◆ AIM OF THE TASK
Scan the listing below. Report each line that includes "hacer".
▼
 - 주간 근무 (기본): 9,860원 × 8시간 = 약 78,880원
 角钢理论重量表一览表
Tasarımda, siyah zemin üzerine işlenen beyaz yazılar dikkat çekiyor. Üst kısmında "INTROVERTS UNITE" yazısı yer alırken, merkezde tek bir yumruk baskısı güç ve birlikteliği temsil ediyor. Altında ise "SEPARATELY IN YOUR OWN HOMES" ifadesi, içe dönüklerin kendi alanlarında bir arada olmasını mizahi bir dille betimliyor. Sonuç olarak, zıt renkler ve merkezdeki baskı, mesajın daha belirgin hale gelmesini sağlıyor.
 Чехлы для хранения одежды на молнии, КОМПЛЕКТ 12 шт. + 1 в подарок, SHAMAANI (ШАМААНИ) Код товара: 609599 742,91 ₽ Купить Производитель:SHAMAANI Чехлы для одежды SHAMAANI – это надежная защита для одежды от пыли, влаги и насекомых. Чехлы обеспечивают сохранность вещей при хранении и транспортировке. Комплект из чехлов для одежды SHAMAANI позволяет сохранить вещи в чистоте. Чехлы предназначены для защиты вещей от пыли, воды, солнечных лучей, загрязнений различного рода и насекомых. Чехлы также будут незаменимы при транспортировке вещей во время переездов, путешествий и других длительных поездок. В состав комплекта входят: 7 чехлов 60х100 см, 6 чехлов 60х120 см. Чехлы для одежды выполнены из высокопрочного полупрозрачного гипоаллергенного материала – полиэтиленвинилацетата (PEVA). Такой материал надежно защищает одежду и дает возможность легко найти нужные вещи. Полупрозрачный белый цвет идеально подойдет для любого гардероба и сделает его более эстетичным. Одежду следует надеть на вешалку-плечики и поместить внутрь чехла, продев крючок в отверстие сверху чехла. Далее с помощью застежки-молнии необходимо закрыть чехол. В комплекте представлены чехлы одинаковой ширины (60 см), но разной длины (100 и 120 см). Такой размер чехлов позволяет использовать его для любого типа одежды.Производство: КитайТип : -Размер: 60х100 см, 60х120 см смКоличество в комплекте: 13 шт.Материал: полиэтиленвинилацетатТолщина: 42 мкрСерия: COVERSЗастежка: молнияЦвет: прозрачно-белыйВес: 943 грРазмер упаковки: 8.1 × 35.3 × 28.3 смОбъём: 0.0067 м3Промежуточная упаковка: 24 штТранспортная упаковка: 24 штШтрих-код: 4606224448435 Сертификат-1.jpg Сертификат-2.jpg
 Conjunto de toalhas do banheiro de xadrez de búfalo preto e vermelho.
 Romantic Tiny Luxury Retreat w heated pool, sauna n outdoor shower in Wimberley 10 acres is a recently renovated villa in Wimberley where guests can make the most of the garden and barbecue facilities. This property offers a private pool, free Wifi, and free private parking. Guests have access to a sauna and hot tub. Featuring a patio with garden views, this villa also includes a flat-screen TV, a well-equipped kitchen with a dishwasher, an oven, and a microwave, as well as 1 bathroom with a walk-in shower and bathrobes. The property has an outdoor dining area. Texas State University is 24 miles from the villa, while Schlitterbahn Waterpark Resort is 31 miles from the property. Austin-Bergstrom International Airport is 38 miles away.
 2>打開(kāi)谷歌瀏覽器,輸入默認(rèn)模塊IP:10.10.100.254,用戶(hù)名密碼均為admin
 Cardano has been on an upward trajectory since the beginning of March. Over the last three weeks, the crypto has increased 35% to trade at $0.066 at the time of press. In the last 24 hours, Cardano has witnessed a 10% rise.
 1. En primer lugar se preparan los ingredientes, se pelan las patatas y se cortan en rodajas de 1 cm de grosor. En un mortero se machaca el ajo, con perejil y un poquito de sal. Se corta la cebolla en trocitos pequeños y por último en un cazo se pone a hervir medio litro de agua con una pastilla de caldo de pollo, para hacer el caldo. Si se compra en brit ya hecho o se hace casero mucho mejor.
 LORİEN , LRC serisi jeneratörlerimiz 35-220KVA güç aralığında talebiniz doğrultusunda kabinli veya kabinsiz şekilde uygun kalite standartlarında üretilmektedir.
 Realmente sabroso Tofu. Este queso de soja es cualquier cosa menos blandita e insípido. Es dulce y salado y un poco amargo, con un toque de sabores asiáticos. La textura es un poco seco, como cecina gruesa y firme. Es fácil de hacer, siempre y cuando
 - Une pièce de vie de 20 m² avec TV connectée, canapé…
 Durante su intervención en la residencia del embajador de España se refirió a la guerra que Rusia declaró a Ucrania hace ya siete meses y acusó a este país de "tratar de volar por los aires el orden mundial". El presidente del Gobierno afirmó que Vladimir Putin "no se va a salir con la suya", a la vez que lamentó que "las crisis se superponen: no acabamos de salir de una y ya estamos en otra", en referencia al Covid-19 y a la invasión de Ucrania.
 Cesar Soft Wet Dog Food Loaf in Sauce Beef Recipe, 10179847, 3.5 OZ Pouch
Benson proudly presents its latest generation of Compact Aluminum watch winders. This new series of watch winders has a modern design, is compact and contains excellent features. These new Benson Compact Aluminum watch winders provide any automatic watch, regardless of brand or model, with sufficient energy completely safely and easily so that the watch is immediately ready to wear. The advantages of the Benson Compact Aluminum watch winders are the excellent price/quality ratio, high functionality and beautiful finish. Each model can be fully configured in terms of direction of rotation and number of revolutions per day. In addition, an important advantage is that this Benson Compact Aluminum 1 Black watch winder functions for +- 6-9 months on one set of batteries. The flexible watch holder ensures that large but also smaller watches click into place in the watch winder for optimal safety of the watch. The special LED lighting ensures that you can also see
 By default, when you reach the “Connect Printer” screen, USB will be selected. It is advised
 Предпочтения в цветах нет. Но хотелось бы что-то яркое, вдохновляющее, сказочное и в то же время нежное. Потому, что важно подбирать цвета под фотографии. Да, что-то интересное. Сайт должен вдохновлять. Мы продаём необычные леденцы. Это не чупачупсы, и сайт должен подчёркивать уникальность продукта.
▲
◆ TASK RESULT
 1. En primer lugar se preparan los ingredientes, se pelan las patatas y se cortan en rodajas de 1 cm de grosor. En un mortero se machaca el ajo, con perejil y un poquito de sal. Se corta la cebolla en trocitos pequeños y por último en un cazo se pone a hervir medio litro de agua con una pastilla de caldo de pollo, para hacer el caldo. Si se compra en brit ya hecho o se hace casero mucho mejor.
 Realmente sabroso Tofu. Este queso de soja es cualquier cosa menos blandita e insípido. Es dulce y salado y un poco amargo, con un toque de sabores asiáticos. La textura es un poco seco, como cecina gruesa y firme. Es fácil de hacer, siempre y cuando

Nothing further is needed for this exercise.